Mast cells can secrete vascular permeability factor/ vascular endothelial cell growth factor and exhibit enhanced release after immunoglobulin E-dependent upregulation of fc epsilon receptor I expression

Abstract

Vascular permeability factor/vascular endothelial cell growth factor (VPF/VEGF) can both potently enhance vascular permeability and induce proliferation of vascular endothelial cells.
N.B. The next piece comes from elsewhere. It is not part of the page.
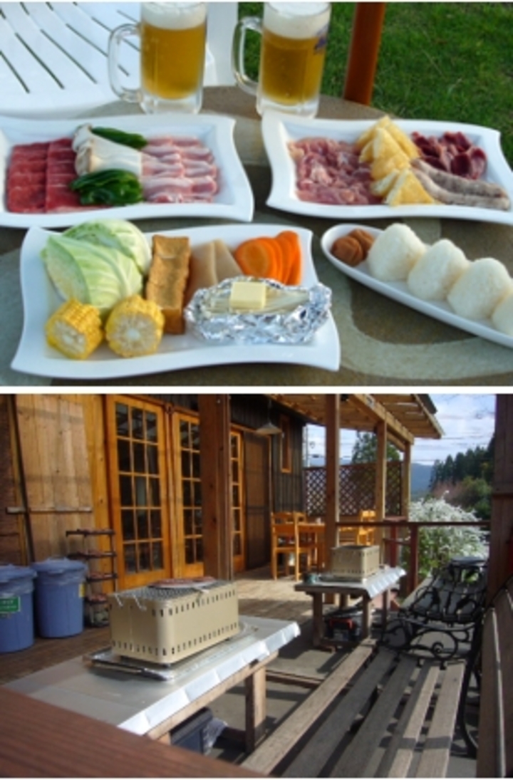 貸別荘専用に建てられた総木造りのメゾネットです。1F12畳リビング・6畳ツインベッドルーム・2F10畳和洋室に専用の天然温泉桧風呂とバーベキューテラスがついています。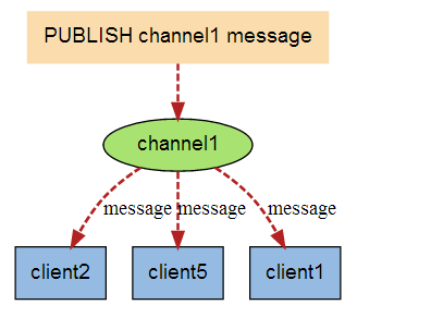 当有新消息通过 PUBLISH 命令发送给频道 channel1 时, 这个消息就会被发送给订阅它的三个客户端:

We report here that mouse or human mast cells can produce and secrete VPF/VEGF. Mouse mast cells release VPF/VEGF upon stimulation through Fcepsilon receptor I (FcepsilonRI) or c-kit, or after challenge with the protein kinase C activator, phorbol myristate acetate, or the calcium ionophore, A23187; such mast cells can rapidly release VPF/VEGF, apparently from a preformed pool, and can then sustain release by secreting newly synthesized protein. Notably, the Fc epsilonRI-dependent secretion of VPF/VEGF by either mouse or human mast cells can be significantly increased in cells which have undergone upregulation of Fc epsilonRI surface expression by a 4-d preincubation with immunoglobulin E. These findings establish that at least one cell type, the mast cell, can be stimulated to secrete VPF/VEGF upon immunologically specific activation via a member of the multichain immune recognition receptor family. Our observations also identify a new mechanism by which mast cells can contribute to enhanced vascular permeability and/or angiogenesis, in both allergic diseases and other settings.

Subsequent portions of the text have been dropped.